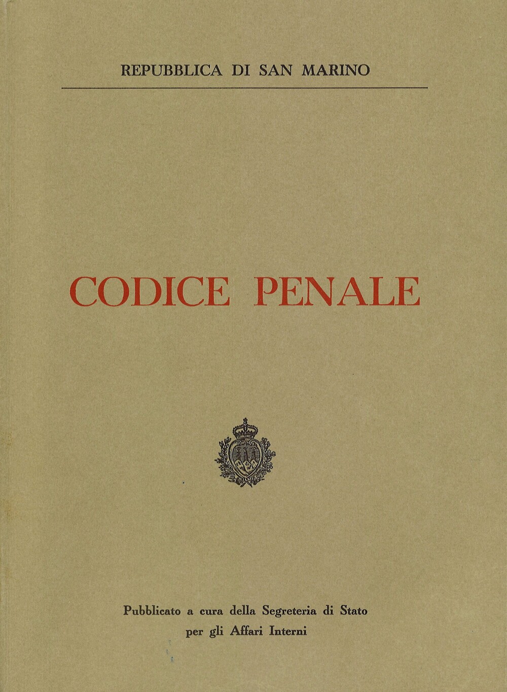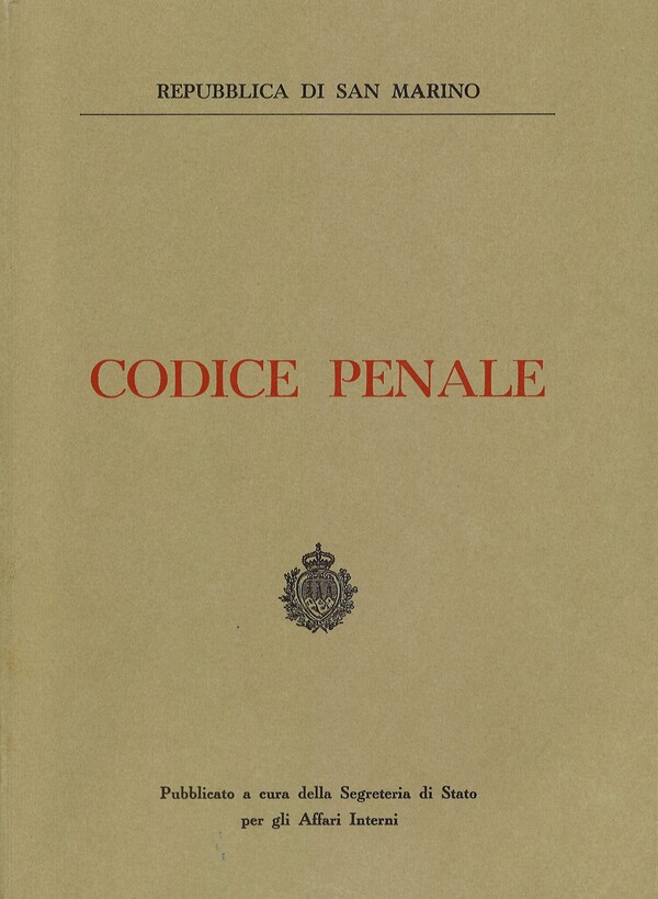 Codice Penale della Repubblica di San Marino con le norme di attuazione e le relazioni illustrative.Pubblicato a cura della Segreteria di Stato per gli Affari Interni.1976
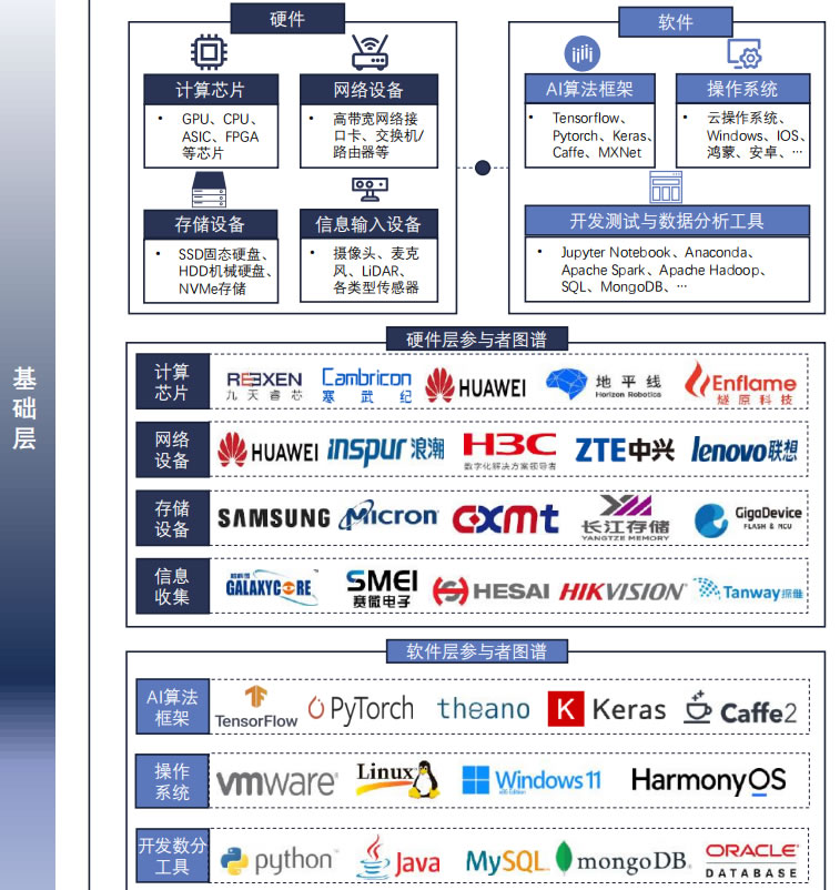人工智能基礎(chǔ)層涵蓋計(jì)算芯片、網(wǎng)絡(luò)設(shè)備、存儲(chǔ)設(shè)備和信息采集設(shè) 備,以及操作系統(tǒng)、開(kāi)發(fā)測(cè)試分析工具和AI算法框架,共同構(gòu)成了 人工智能產(chǎn)業(yè)發(fā)展的基石底座
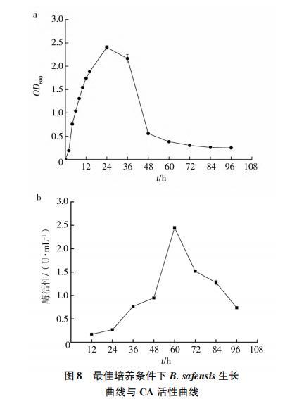 2.7最佳培養(yǎng)條件下B.safensis生長及其產(chǎn)CA特性
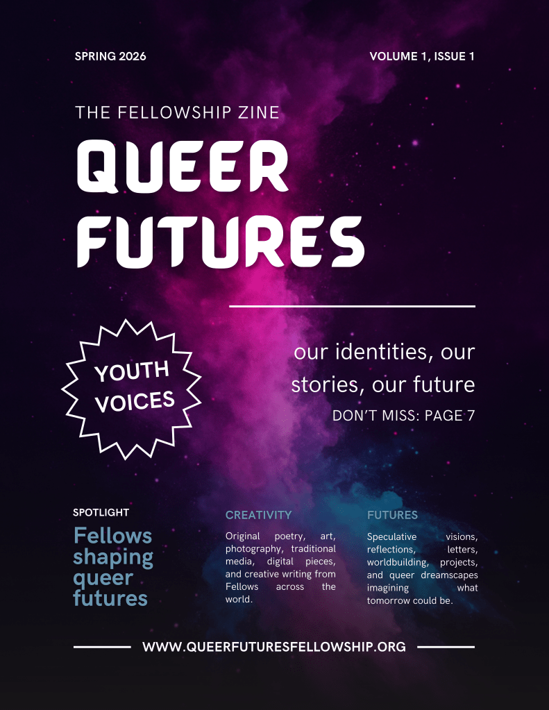 Submit original work to the Queer Futures Zine, a collaborative showcase of Fellow’s voices, with opportunities for recognition and awards.

▶ Exercise
Images are to be skipped, and each line above is to be returned exactly.

▶ Exercise result
 Codice Penale della Repubblica di San Marino con le norme di attuazione e le relazioni illustrative.Pubblicato a cura della Segreteria di Stato per gli Affari Interni.1976
人工智能基礎(chǔ)層涵蓋計(jì)算芯片、網(wǎng)絡(luò)設(shè)備、存儲(chǔ)設(shè)備和信息采集設(shè) 備,以及操作系統(tǒng)、開(kāi)發(fā)測(cè)試分析工具和AI算法框架,共同構(gòu)成了 人工智能產(chǎn)業(yè)發(fā)展的基石底座
 2.7最佳培養(yǎng)條件下B.safensis生長及其產(chǎn)CA特性
 Submit original work to the Queer Futures Zine, a collaborative showcase of Fellow’s voices, with opportunities for recognition and awards.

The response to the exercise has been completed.